--- DATA LISTING Enclosed Below ---

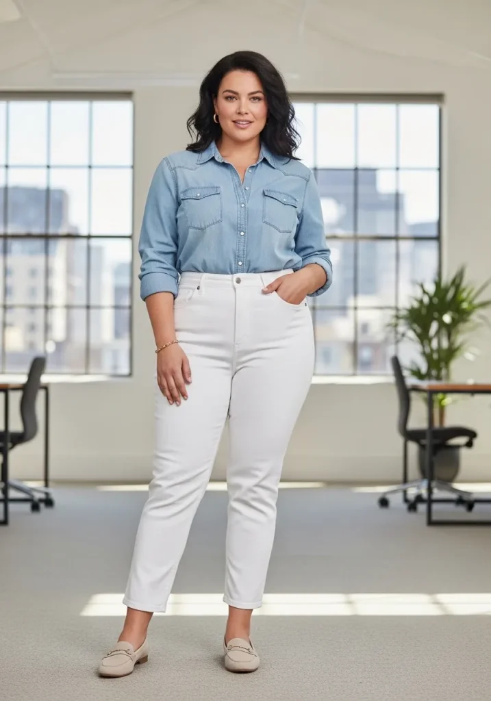 For a more casual office look with a touch of sophistication, a chambray shirt paired with white jeans is a fantastic choice. The chambray shirt, with its soft denim-like fabric, offers a relaxed yet polished vibe. White jeans bring a fresh, crisp look to the outfit, providing a clean base to complement the chambray shirt. This combination is perfect for casual Fridays or a laid-back office day when you still want to maintain a professional appearance.
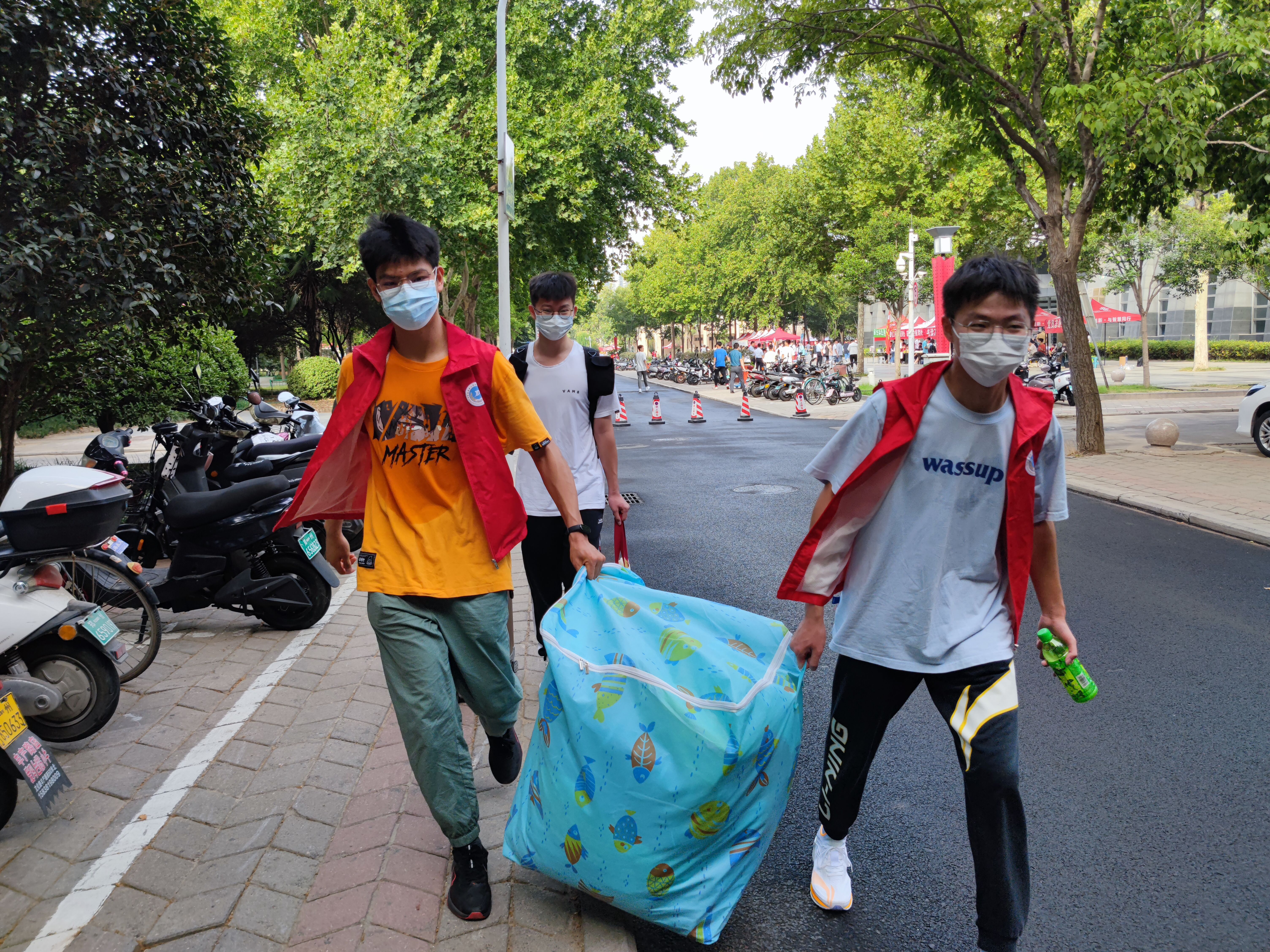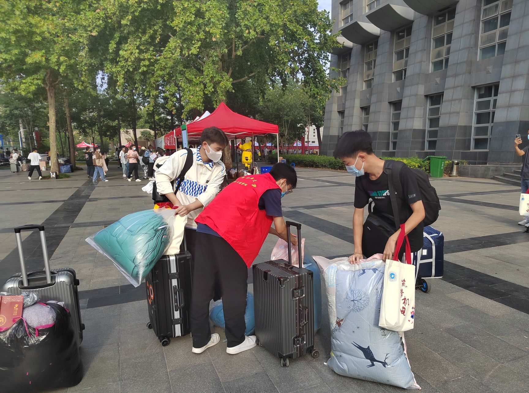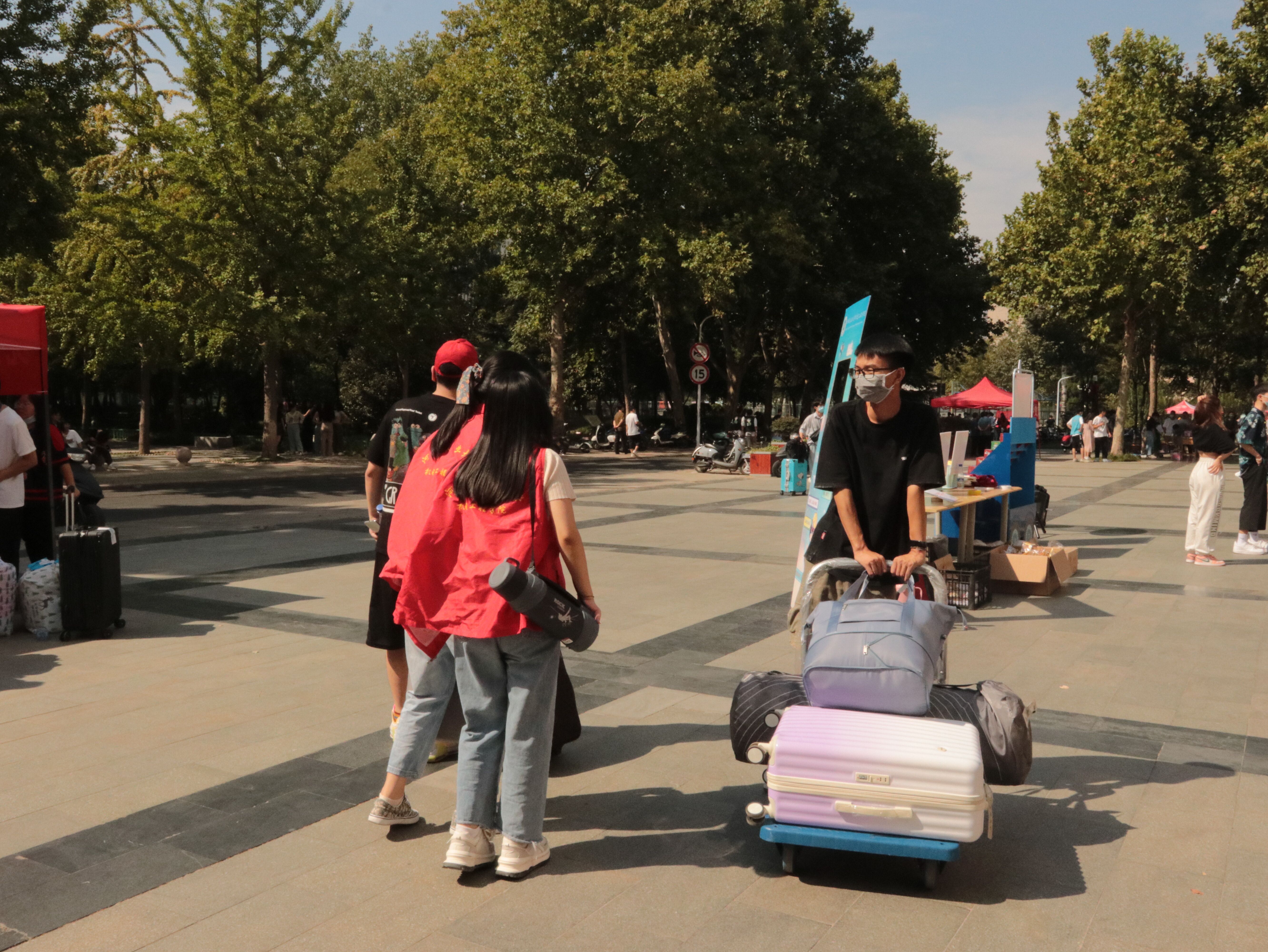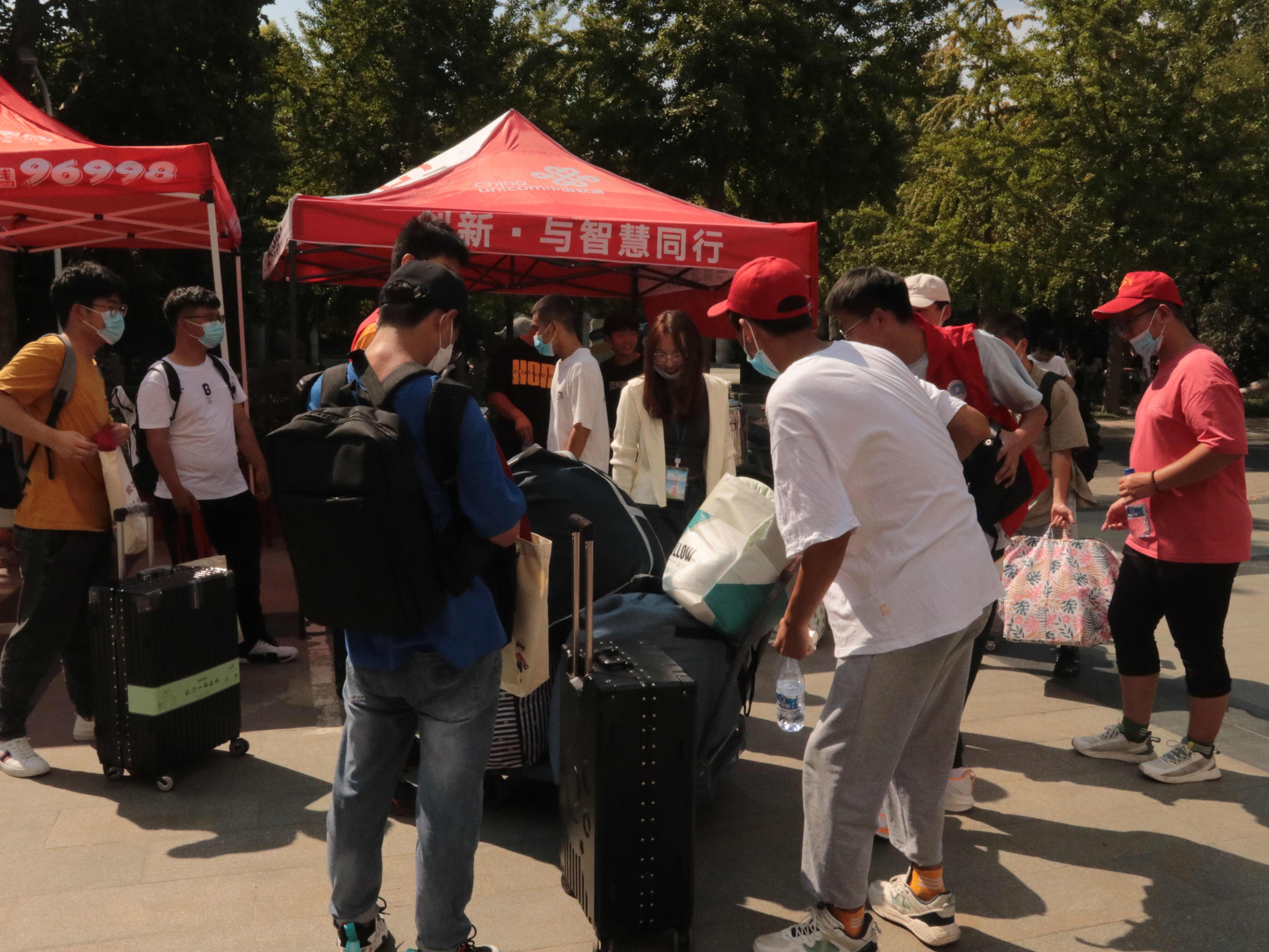 迎新现场,清晰的学院标识、显眼的红色帐篷、暖心的横幅标语为新生搭建起了入学报到的第一站。伴随着新生的陆续到来,学生工作人员耐心引导新生逐步完成入校报到工作,从检查报到所需材料到提醒新生参加核酸检测,为新生在各个环节里保驾护航、指引方向,确保学生顺利报到;学生志愿者积极提供热心服务,深入迎新志愿服务一线,热情帮助新生将行李搬运至所在宿舍,使得新生报到更加便捷和高效。
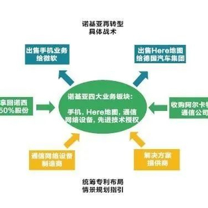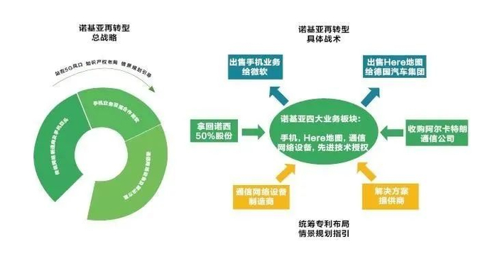 战略是抛弃手机业务再转型通信业务,战术上诺基亚也制定了一系列完备的措施。2013年,诺基亚将手机业务出售给微软,之后又进行了上万人的大规模裁员。为了进一步精简业务,诺基亚又在2015年将Here地图业务出售给奔驰、奥迪、宝马等公司组成的德国汽车巨头集团,以保证公司新的发展方向能轻装上阵。与此同时,诺基亚先拿回了诺基亚西门子合作的50%股份,又宣布以166亿美元收购全球主流通信设备商阿尔卡特通信公司。这一系列举措被看作是诺基亚专注通信网络设备及解决方案的最后冲刺,也可以看出诺基亚终于依依不舍地砍掉手机业务,投入通信网络设备及解决方案的决心。
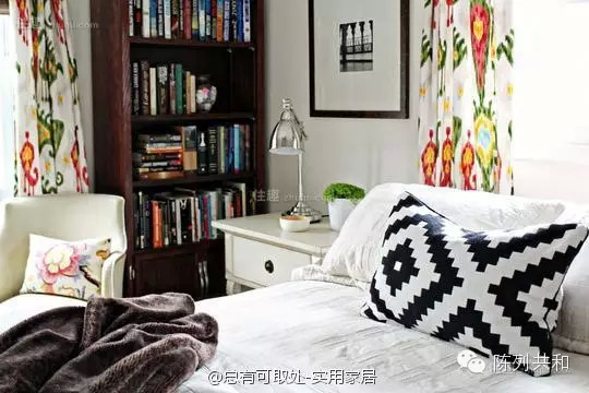 原来放“书书书全是书”的收纳柜用来放打印机,把床头柜台面空出来,最多放盏台灯,毕竟你睡觉的时候可能需要放手机、放本书、放眼镜、放手表、放空调遥控板等等,没有床头柜台面会很不方便,往别处放又会很乱。
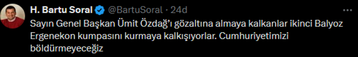 “Cumhurbaşkanına hakaret” suçlamasıyla hakkında soruşturma başlatılan Zafer Partisi Genel Başkanı Ümit Özdağ gözaltına alındı. Genel Başkan Yardımcısı...
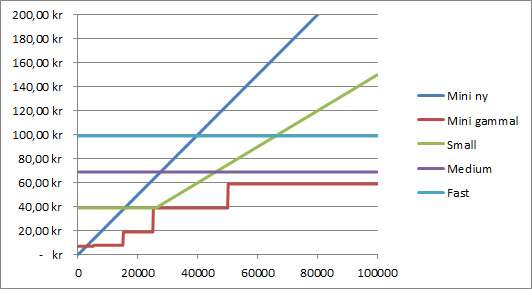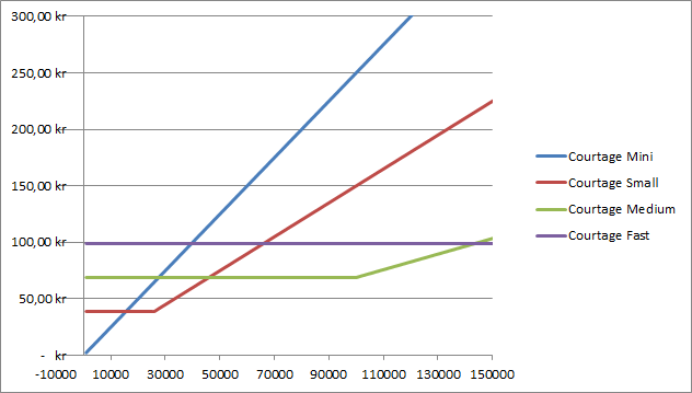 Men vad blir billigast nu då? Vilken courtageklass ska man välja? Det beror ju givetvis på vilken storlek din order brukar ha. Det finns vissa brytpunkter och dessa kan man lätt se i detta diagram:
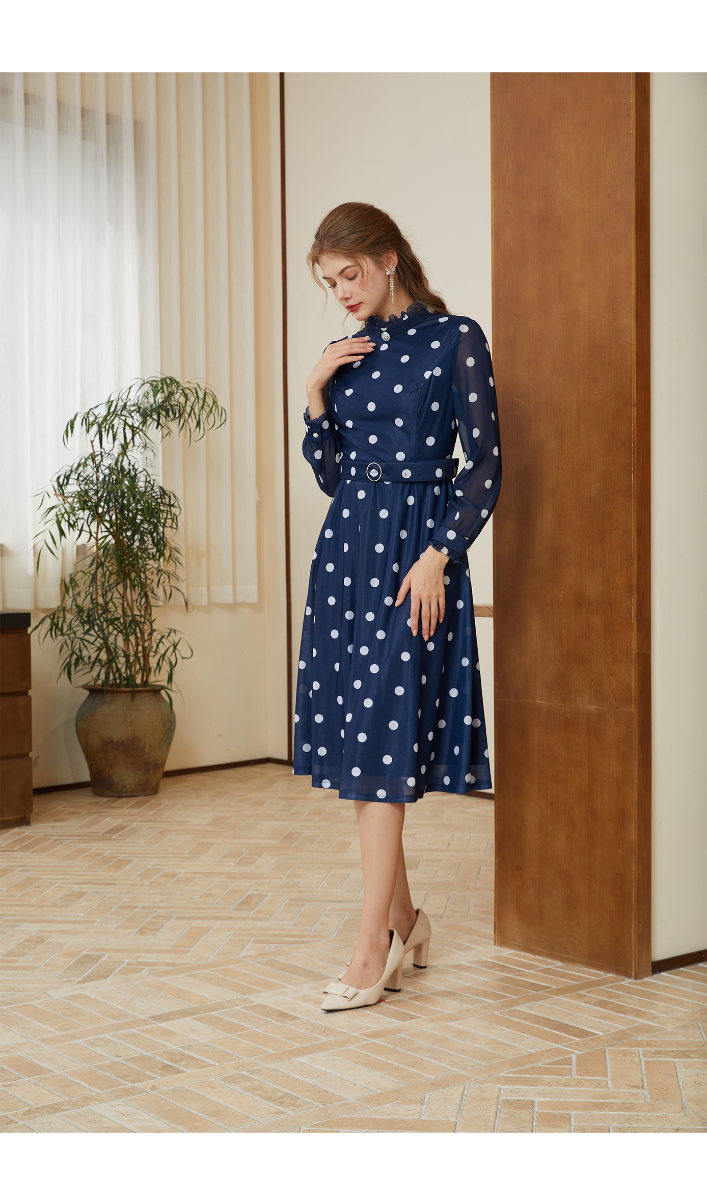 司歌V领端庄几何连衣裙印花气质优雅A881356

--- End of Enclosed DATA LISTING ---

→ ACTION ITEM: The entries should be printed again exactly as written, leaving all pictures out.

→ EXERCISE SOLUTION:
 For a more casual office look with a touch of sophistication, a chambray shirt paired with white jeans is a fantastic choice. The chambray shirt, with its soft denim-like fabric, offers a relaxed yet polished vibe. White jeans bring a fresh, crisp look to the outfit, providing a clean base to complement the chambray shirt. This combination is perfect for casual Fridays or a laid-back office day when you still want to maintain a professional appearance.
 迎新现场,清晰的学院标识、显眼的红色帐篷、暖心的横幅标语为新生搭建起了入学报到的第一站。伴随着新生的陆续到来,学生工作人员耐心引导新生逐步完成入校报到工作,从检查报到所需材料到提醒新生参加核酸检测,为新生在各个环节里保驾护航、指引方向,确保学生顺利报到;学生志愿者积极提供热心服务,深入迎新志愿服务一线,热情帮助新生将行李搬运至所在宿舍,使得新生报到更加便捷和高效。
 战略是抛弃手机业务再转型通信业务,战术上诺基亚也制定了一系列完备的措施。2013年,诺基亚将手机业务出售给微软,之后又进行了上万人的大规模裁员。为了进一步精简业务,诺基亚又在2015年将Here地图业务出售给奔驰、奥迪、宝马等公司组成的德国汽车巨头集团,以保证公司新的发展方向能轻装上阵。与此同时,诺基亚先拿回了诺基亚西门子合作的50%股份,又宣布以166亿美元收购全球主流通信设备商阿尔卡特通信公司。这一系列举措被看作是诺基亚专注通信网络设备及解决方案的最后冲刺,也可以看出诺基亚终于依依不舍地砍掉手机业务,投入通信网络设备及解决方案的决心。
 原来放“书书书全是书”的收纳柜用来放打印机,把床头柜台面空出来,最多放盏台灯,毕竟你睡觉的时候可能需要放手机、放本书、放眼镜、放手表、放空调遥控板等等,没有床头柜台面会很不方便,往别处放又会很乱。
 “Cumhurbaşkanına hakaret” suçlamasıyla hakkında soruşturma başlatılan Zafer Partisi Genel Başkanı Ümit Özdağ gözaltına alındı. Genel Başkan Yardımcısı...
 Men vad blir billigast nu då? Vilken courtageklass ska man välja? Det beror ju givetvis på vilken storlek din order brukar ha. Det finns vissa brytpunkter och dessa kan man lätt se i detta diagram:
 司歌V领端庄几何连衣裙印花气质优雅A881356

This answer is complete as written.